Gauss: Seventeenth Root of Unity Expressed As Radicals

Carl Friedrich Gauss was 18 when he was able to solve the seventeenth root of unity in terms of radicals. He not only made this discovery but also realized that this implied that it would be possible to construct a seventeen-sided polygon using only compass and ruler. Gauss later generalized these results on two levels:

(1) He proved that all roots of unity are expressible as radicals.
(2) A regular polygon is constructible by ruler and compass if and only if its number of sides is a product of distinct Fermat primes F_n (where F_n = 2²ⁿ + 1) and a power of 2.

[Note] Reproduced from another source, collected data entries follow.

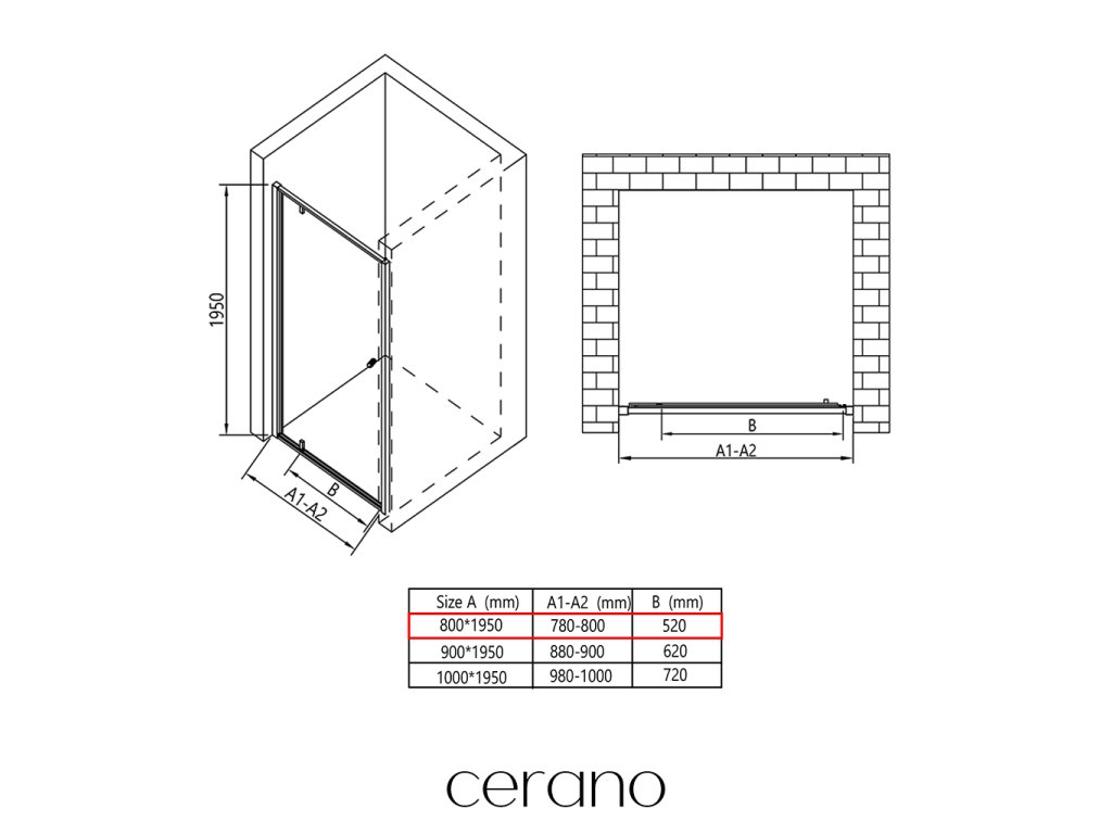 W ramach tej serii oferujemy szeroki wybór wymiarów, aby sprostać zróżnicowanym potrzebom naszych klientów. Wszystkie kabiny prysznicowe, drzwi i parawany CERANO są w pełni kompatybilne z brodzikami CERANO o tych samych wymiarach, co zapewnia bezproblemowy montaż i idealne dopasowanie. Ponadto kabinę można elastycznie zamontować – na pasującym brodziku lub bezpośrednio na podłodze, w zależności od preferencji i wyposażenia łazienki.
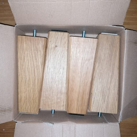 Kolme settiä 5€/setti kalustejalkoja / sängynjalkoja.
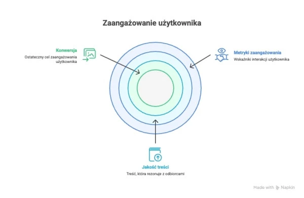 Mierniki zaangażowania, czyli Engagement Metrics, to wskaźniki interakcji użytkowników ze stroną (np. współczynnik zaangażowania, średni czas trwania sesji, głębokość przewijania). Są one szczególnie istotne w kontekście wyszukiwania AI, gdzie zaangażowanie użytkownika jest równie ważne jak konwersja. Metryki zaangażowania pokazują, czy użytkownik jest zainteresowany Twoją treścią. Aby utrzymać to zainteresowanie, warto tworzyć jakościowy content, który dostarcza konkretnych informacji, autorskich danych i buduje autorytet Twojej strony. Metryki zaangażowania pokazują, czy te treści rezonują z odbiorcami i satysfakcjonują ich intencje wyszukiwania, co jest kluczowe dla Google i AI. Wspominaliśmy wcześniej o sentymencie w AI - to on może zadecydować o tym, czy odbiorca będzie angażował się w czytanie Twoich treści i czy doprowadzi to do konwersji. Dlatego warto mierzyć zaangażowanie użytkownika. Czytaj więcej o zaangażowaniu klienta.
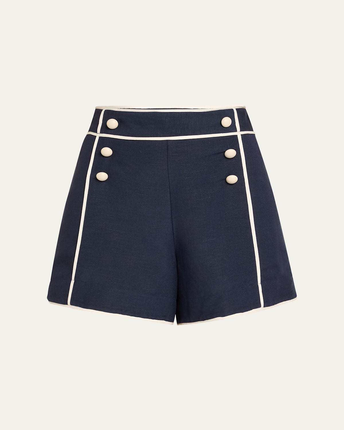 SIMKHAI "Crosby" shorts with sailorinspired buttons and contrasting trims High rise Back welt pockets Relaxed legs Hidden side zipper Linen/viscose Imported

In today's blog, I will show Gauss's solution for the seventeenth root of unity. In the next blog, I will prove that it is possible to construct a seventeen sided polygon known as the heptadecagon using only compass and ruler.

Gauss was so fascinated by the construction of the heptadecagon that he decided that he would dedicate his life to mathematics instead of philology.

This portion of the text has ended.